Print only the lines below from the one with "- From this" to the one with "Престиж, студия акрилового", both included, exactly as they stand. Leave pictures out.

[Opening DATA TO EXAMINE section]

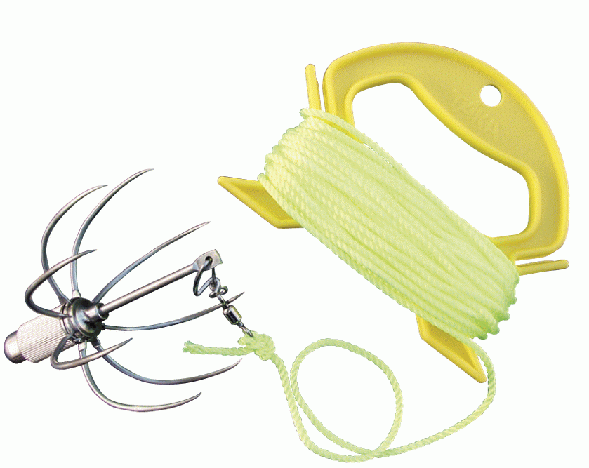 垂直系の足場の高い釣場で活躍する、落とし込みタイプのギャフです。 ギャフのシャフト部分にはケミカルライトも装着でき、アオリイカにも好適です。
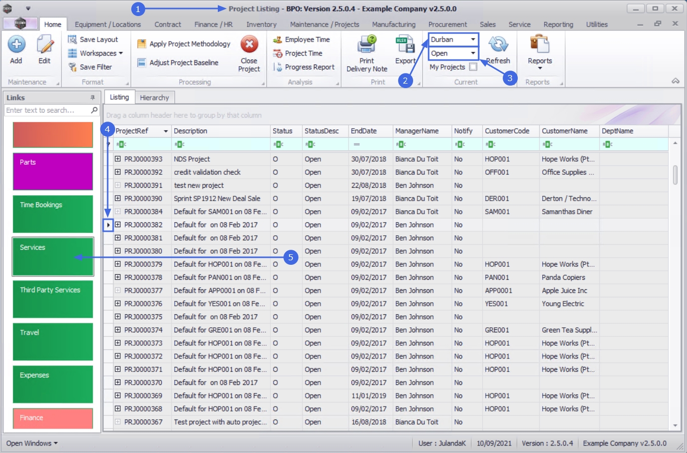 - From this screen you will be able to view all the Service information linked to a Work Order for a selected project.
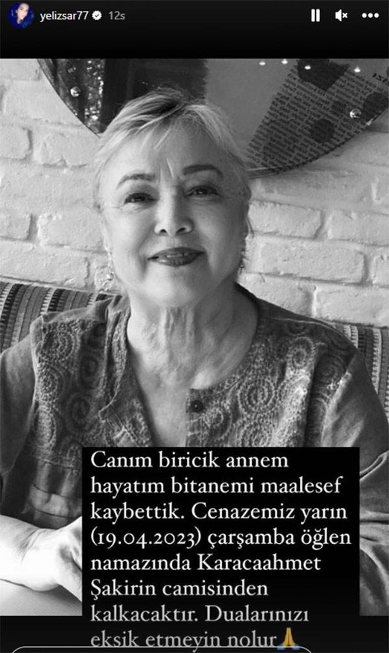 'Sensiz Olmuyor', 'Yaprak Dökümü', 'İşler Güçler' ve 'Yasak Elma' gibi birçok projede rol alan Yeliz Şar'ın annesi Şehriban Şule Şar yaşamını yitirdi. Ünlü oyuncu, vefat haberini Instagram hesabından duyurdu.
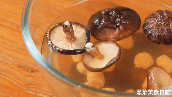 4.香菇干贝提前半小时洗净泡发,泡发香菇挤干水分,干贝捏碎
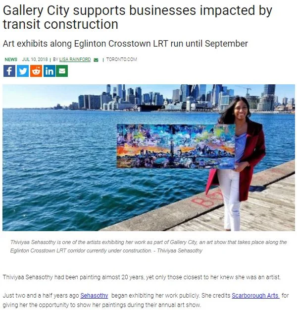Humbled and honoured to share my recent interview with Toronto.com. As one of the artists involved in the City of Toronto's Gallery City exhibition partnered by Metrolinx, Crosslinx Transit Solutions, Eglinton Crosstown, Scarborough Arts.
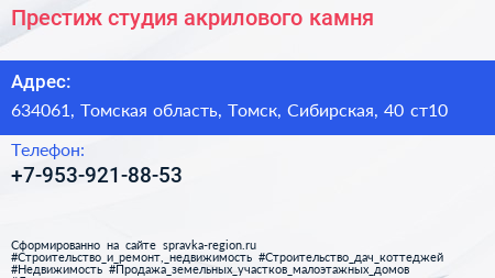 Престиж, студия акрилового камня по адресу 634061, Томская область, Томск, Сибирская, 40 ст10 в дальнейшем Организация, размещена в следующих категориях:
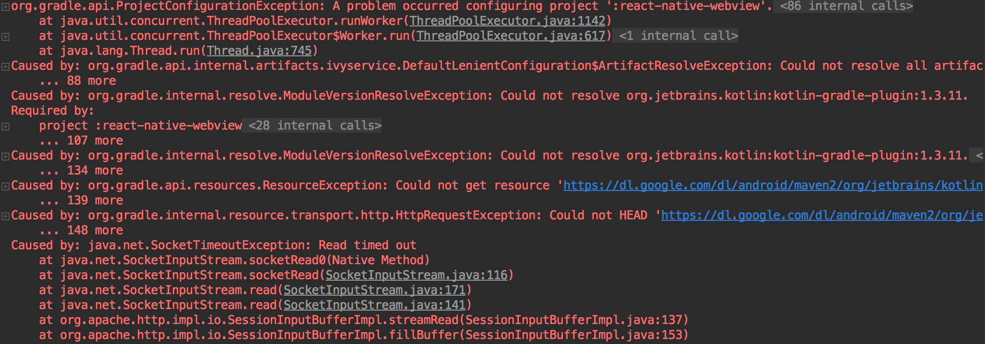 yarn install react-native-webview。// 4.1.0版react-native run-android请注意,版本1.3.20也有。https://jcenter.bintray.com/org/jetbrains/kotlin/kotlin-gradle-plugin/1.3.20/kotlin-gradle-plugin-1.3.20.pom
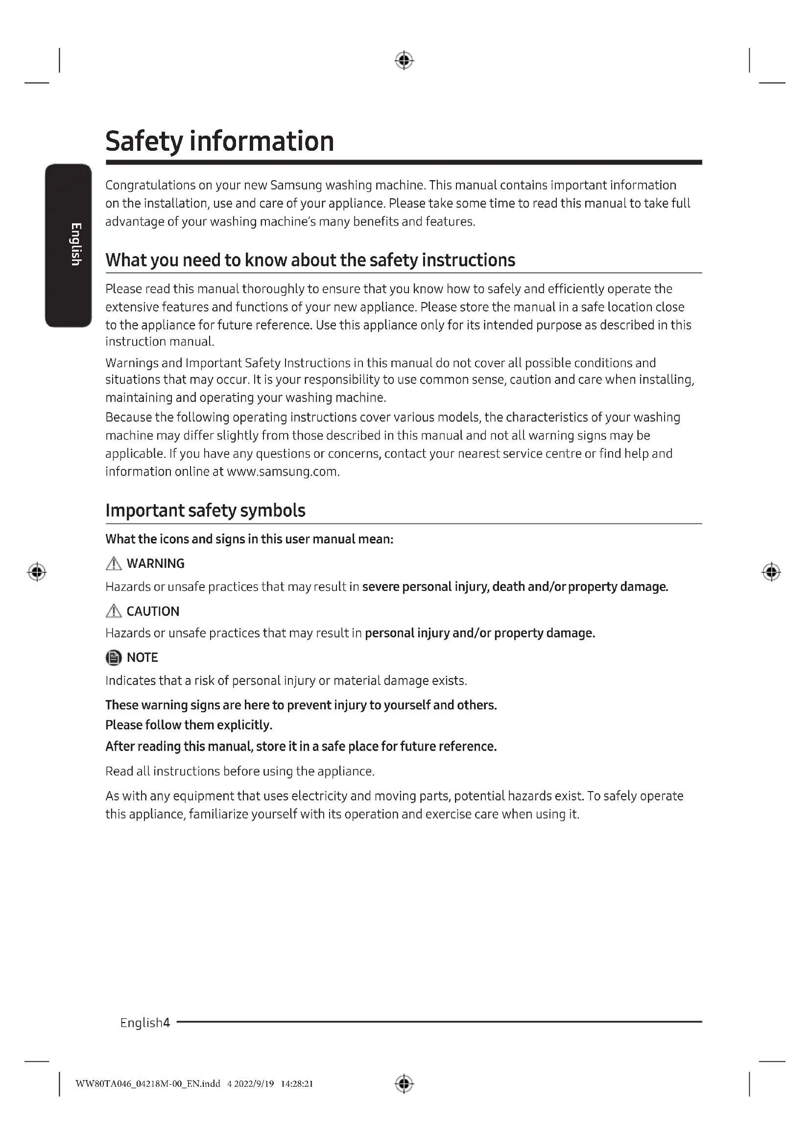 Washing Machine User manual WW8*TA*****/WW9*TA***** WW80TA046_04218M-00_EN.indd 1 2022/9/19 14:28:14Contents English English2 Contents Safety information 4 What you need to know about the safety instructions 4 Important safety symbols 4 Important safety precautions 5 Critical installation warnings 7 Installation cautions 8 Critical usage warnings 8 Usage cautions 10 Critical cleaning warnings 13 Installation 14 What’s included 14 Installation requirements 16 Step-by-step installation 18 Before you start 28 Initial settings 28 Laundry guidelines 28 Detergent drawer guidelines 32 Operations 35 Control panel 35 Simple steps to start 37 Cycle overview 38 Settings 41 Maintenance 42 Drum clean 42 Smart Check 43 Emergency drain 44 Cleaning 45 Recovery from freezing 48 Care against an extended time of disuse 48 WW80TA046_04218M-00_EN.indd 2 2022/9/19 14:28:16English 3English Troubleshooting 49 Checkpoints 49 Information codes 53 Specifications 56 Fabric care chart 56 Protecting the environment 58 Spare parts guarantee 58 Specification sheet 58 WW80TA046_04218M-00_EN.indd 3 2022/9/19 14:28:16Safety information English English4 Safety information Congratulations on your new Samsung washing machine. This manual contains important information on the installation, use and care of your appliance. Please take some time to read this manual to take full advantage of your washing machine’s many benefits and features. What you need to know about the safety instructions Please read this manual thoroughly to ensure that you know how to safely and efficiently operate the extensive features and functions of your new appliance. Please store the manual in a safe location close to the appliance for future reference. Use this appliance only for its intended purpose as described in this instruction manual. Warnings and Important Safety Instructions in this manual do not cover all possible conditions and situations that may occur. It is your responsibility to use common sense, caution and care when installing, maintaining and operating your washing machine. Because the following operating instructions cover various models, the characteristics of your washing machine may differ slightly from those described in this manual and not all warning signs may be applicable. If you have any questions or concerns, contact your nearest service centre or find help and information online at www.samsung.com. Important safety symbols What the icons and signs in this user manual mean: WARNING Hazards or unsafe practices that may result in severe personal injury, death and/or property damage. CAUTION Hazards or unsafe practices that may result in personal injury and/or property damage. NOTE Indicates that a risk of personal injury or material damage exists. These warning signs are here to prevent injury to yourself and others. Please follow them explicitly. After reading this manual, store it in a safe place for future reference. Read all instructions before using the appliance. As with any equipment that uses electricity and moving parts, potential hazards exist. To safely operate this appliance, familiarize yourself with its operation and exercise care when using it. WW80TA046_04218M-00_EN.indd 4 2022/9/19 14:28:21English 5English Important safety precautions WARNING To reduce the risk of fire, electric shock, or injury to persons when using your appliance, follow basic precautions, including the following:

[Closing DATA TO EXAMINE section]

YOUR SOLUTION:
 - From this screen you will be able to view all the Service information linked to a Work Order for a selected project.
 'Sensiz Olmuyor', 'Yaprak Dökümü', 'İşler Güçler' ve 'Yasak Elma' gibi birçok projede rol alan Yeliz Şar'ın annesi Şehriban Şule Şar yaşamını yitirdi. Ünlü oyuncu, vefat haberini Instagram hesabından duyurdu.
 4.香菇干贝提前半小时洗净泡发,泡发香菇挤干水分,干贝捏碎
Humbled and honoured to share my recent interview with Toronto.com. As one of the artists involved in the City of Toronto's Gallery City exhibition partnered by Metrolinx, Crosslinx Transit Solutions, Eglinton Crosstown, Scarborough Arts.
 Престиж, студия акрилового камня по адресу 634061, Томская область, Томск, Сибирская, 40 ст10 в дальнейшем Организация, размещена в следующих категориях:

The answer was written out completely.